Choosing a career in life insurance sales

by David Keelaghan20 Mar 2017
Selling life insurance may not be the most glamorous of careers, but it is a highly satisfying one according to Dan O'Shaughnessy.

The Cambridge University graduate started his career on the banking side, and at a high level. Roles with Goldman Sachs and Bank of America Merrill Lynch left him with an empty feeling, however, as he outlines.

“When I left Cambridge University, all my friends would talk about banking and consulting, as if those were the only two options,” he says. “Both paid well, opened the door to very challenging problems, and got big names on your CV. Nobody talked about the endless hours, the complete lack of freedom, or the political and dangerous promotion process to the top.”

Wanting to move in a new direction that would fulfill his entrepreneurial ambitions, he established O'Shaughnessy Financial Services.

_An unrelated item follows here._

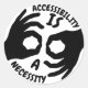 A round white sticker with a black round all-caps font and international symbol for sign language interpretation large and in the center. The text is round with the shape of the sticker. It reads, "ACCESSIBILITY IS A NECESSITY"

It was a risk for sure, but he was confident he had read the market right and his firm would be providing a much-needed service in the Canadian marketplace.

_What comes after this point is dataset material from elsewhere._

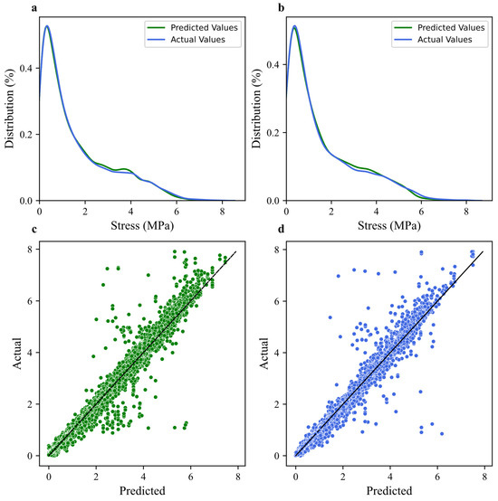 Figure 8 presents a comparative performance analysis of the XGBoost model. The KDE plots for the training (a) and testing (b) datasets reveal a close alignment between the distributions of predicted and actual values, indicating the model’s accuracy in stress prediction. The scatterplots of actual vs. predicted values for training (c) and testing (d) datasets display a strong linear relationship, with the most points closely aligned along the line of perfect fit (diagonal line). The comparison of scatter plots (a and b) suggests that the model is performing remarkably well in terms of predicting stress values based on the selected set of input features. The consistency across training and testing datasets suggests the model’s robustness and reliability, demonstrating its effective generalization from training to unseen data.

“When I was deciding what to do for my career, I noticed there was a huge disconnect with the desire for insurance and having the people to service that in the right way,” he says. “A lot of brokers are in their mid-60s.”

At 34 years old, he is part of the new breed of insurance broker that the industry desperately needs. He specializes in term and participating insurance for business owners and professionals who are looking for ways to protect their assets. There still is a great need for this profession, he believes, despite technology offering different options for consumers.

“In the wealth management space, businesses like WealthSimple are doing a great job in marketing their business,” he says. “But there are people where that’s not the kind of environment they want to work in. They want a person to work with and are willing to pay a premium for that.”

While it is generally accepted that the industry has made great strides when it comes to the underwriting process, in O'Shaughnessy’s view the pace of change hasn’t been fast enough.

“Even with technology getting so advanced and people’s expectations being so high, the underwriting process still takes a lot of time,” he says. “To underwrite properly, there’s medical underwriting, then there can be financial underwriting as well. So you’re relying on people, not technology. The current process has not adapted to the times. I’m sure 10 years ago nobody would have minded that length of time. It is still very human driven.”